Sang Santo berpikir dalam hati.

Hu! Bijaksana, jika kau benar-benar menerimanya dengan wajah tebal, aku akan terlalu malu untuk mengingkari janjiku! Xu Qi’an diam-diam memutuskan bahwa dia akan lebih berhati-hati saat mendesain karakter di masa depan.

“Senior, kultivasi biksu itu tidak rendah. Aku bahkan tidak melihat bagaimana dia muncul di belakangmu. Apakah kau tahu apa yang terjadi?” kata Li Lingsu.

Aku sama sekali tidak melihatnya… “Itu hanya trik kecil,” kata Xu Qi’an dengan acuh tak acuh.

Namun, ia berpikir bahwa jika seorang kultivator tingkat ketiga tidak dapat memasuki stupa, sekte Buddha kemungkinan besar akan mengirim biksu Jingxin untuk masuk.

Dia hanya tidak tahu apakah ada seniman bela diri peringkat 4 lainnya selain Jingxin.

Jingxin adalah seorang Guru Zen, bukan biksu pejuang. Ini tidak baik. Xu Qi’an memiliki banyak cara untuk menghadapi biksu itu, tetapi Guru Zen dapat menahan Gu cinta, Gu racun, dan Gu pikiran.

Selain itu, kuil tiga bunga menutup pintunya bagi para tamu. Dengan Vajra tingkat tiga yang mengawasinya, hampir mustahil untuk menerobos masuk secara paksa. Lalu bagaimana mereka bisa memasuki kuil itu?

Ngomong-ngomong, penganut agama Dewa penyihir juga ingin memasuki Pagoda Stupa. Pasti akan ada konflik antara kedua pihak. Bisakah dia memanfaatkannya?

Saat ia sedang memikirkan hal ini, Li Lingsu tiba-tiba mengutuknya dalam dialek yang tidak dikenal, dan ekspresi sang santo berubah drastis.

Di depan mereka, sekelompok orang berjalan perlahan mendekat. Sembilan pria kuat membawa tandu besar tanpa atap dengan tirai yang menjuntai. Di dalam tandu itu terdapat dua wanita cantik dengan aura berbeda tetapi penampilan yang sama.

Mereka adalah dua Kepala Istana dari Istana Naga Samudra Timur.

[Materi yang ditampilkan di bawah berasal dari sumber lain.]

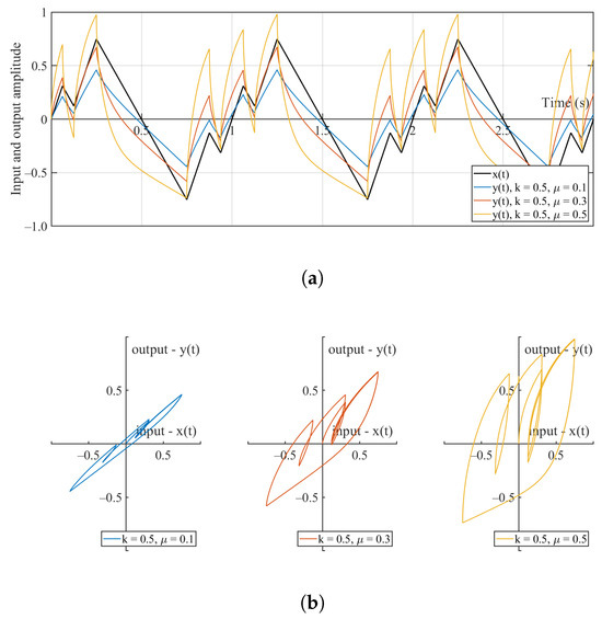 Figure 1a illustrates the time-domain lag of the output of the fractional-order operator concerning the original bidirectional input signal for various values ( = 0.1, 0.3, 0.5). In Figure 1b, the characteristics of the hysteresis loop between input and output are more intuitively reflected. Different combinations of k and values configure such nonlinear relationships. This grants the fractional-order operator a substantial advantage in describing nonlinear behaviors. Based on this advantage, attempts are made to construct a fractional-order nonlinear model.

Timur Wanrong dan Timur Wanqing.

Mata Li Lingsu berkedip-kedip karena rasa sakit akibat ‘kekurangan ginjal’. Sudut mulutnya sedikit berkedut. Dia menundukkan kepala dan menuntun kuda itu, berkata dengan suara rendah,

“Senior, ayo pergi.”

Xu Qi’an menjawab, “Baiklah.”

Mereka berdua menuntun kuda mereka di sepanjang sisi jalan, sedikit menundukkan kepala, dan berjalan maju.

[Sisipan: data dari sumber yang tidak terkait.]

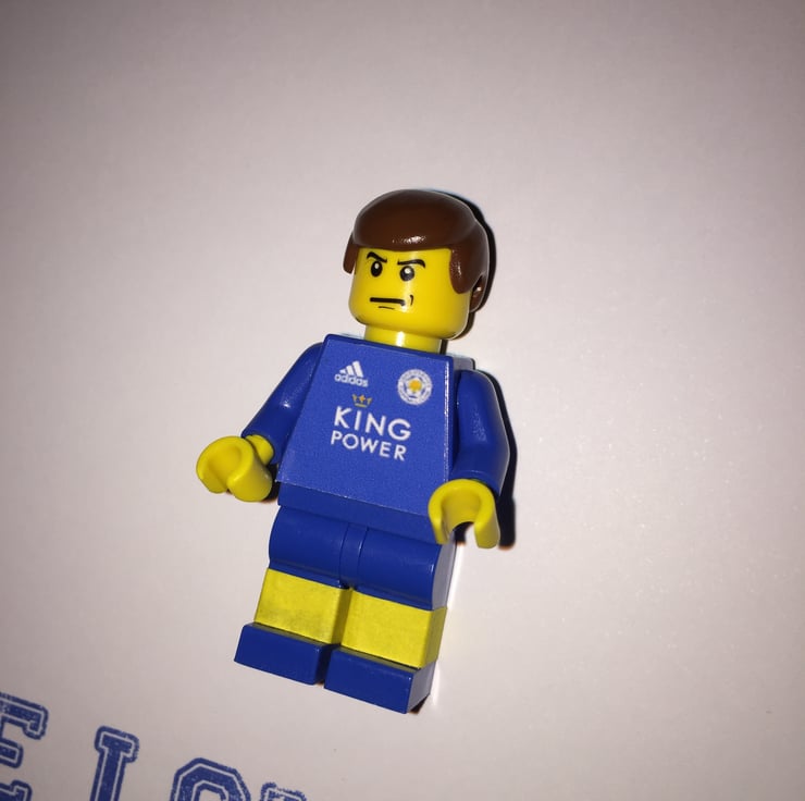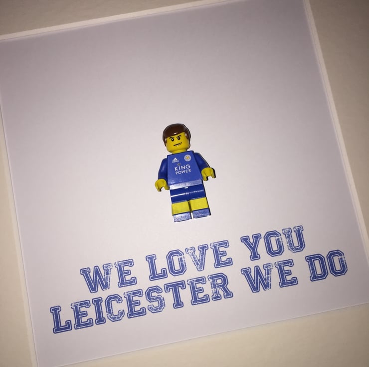 Our little mini footballers look great, and are a fab way to show your love for a particular team. This particular item is our tribute to Leicester City Football Club. This little guy is wearing the latest strip and his torso has been created with a custom sticker front. Under the minifigure we have printed the classic words "We love you Leicester we do" to make a truly unique and awesome piece of art work.

Aku hanyalah orang biasa sekarang. Dengan kebanggaan para saudari, mereka tidak akan memperhatikan orang yang lewat biasa… Li Lingsu berusaha sekuat tenaga mengendalikan detak jantung dan pernapasannya, berpura-pura bahwa dia hanyalah seorang Dasserbv.

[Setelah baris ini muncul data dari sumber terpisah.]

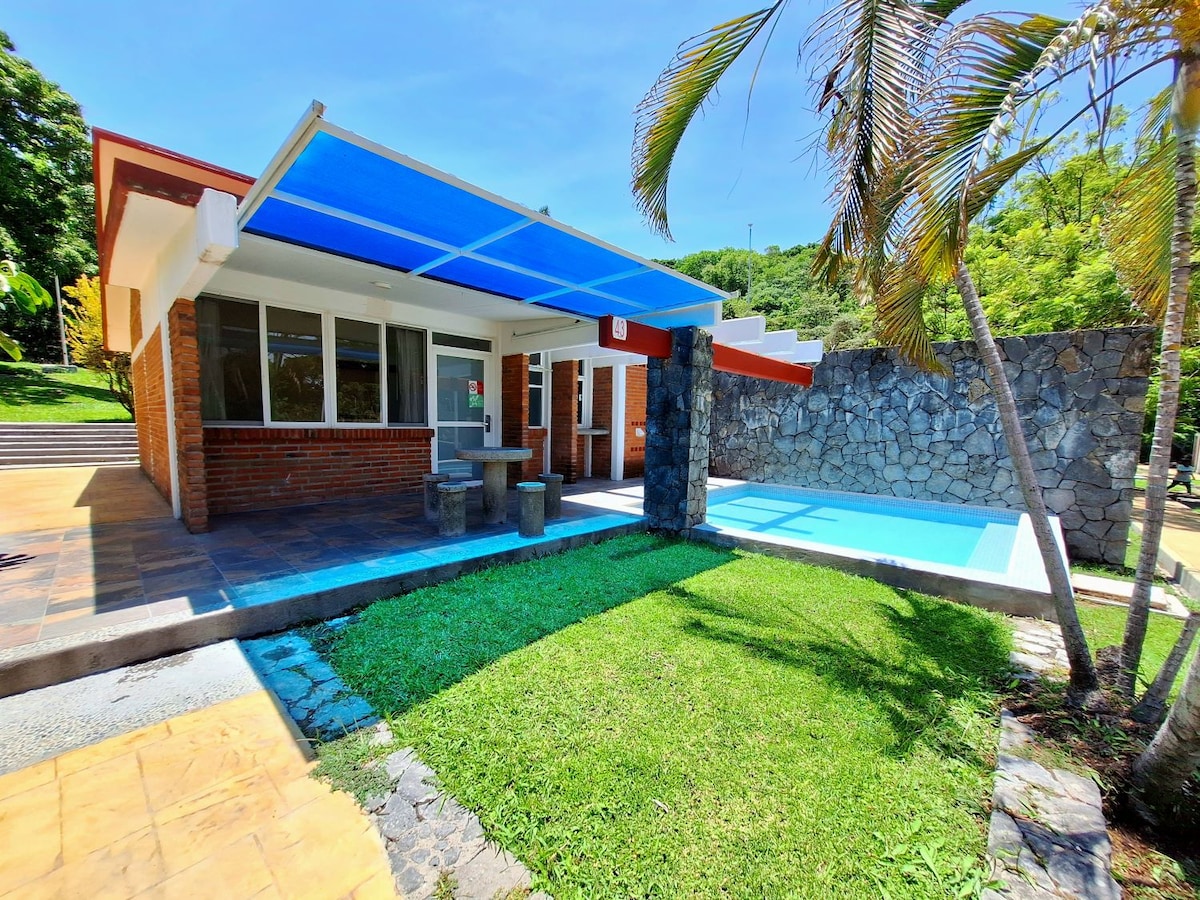 Entspanne dich mit deinem Partner, deiner Familie oder deinen Freunden in diesem schönen Haus mit 3 Schlafzimmern und direktem Blick auf den Pool im Gemeinschaftsbereich. Wir bieten Ihnen an: -Lounge/Esszimmer - Küche mit Kühlschrank und Mikrowelle -Außenzimmer - klimatisierter Whirlpool -Klimaanlage (A/C) Drei geräumige Schlafzimmer -3 Badezimmer -Alberca und Grill im Gemeinschaftsbereich - Wander- und Wanderräume ohne Gefahr - Lebensmittel, Lebensmittel ganz in der Nähe der perfekten Lage. - Zugang zum Clubhaus

Emosi gugupnya yang berlebihan dan detak jantungnya yang berdebar kencang dengan mudah dirasakan oleh seniman bela diri peringkat 4 teratas, saudari Qing.

Kedua pihak bertemu di suatu titik, dan tepat ketika mereka hendak berpapasan, Li Lingsu tiba-tiba melihat Xu Qian, yang berada di sampingnya, mengangkat kakinya dan menendangnya hingga terpental.

Li Lingsu tersandung dan menabrak pasukan klan naga Samudra Timur.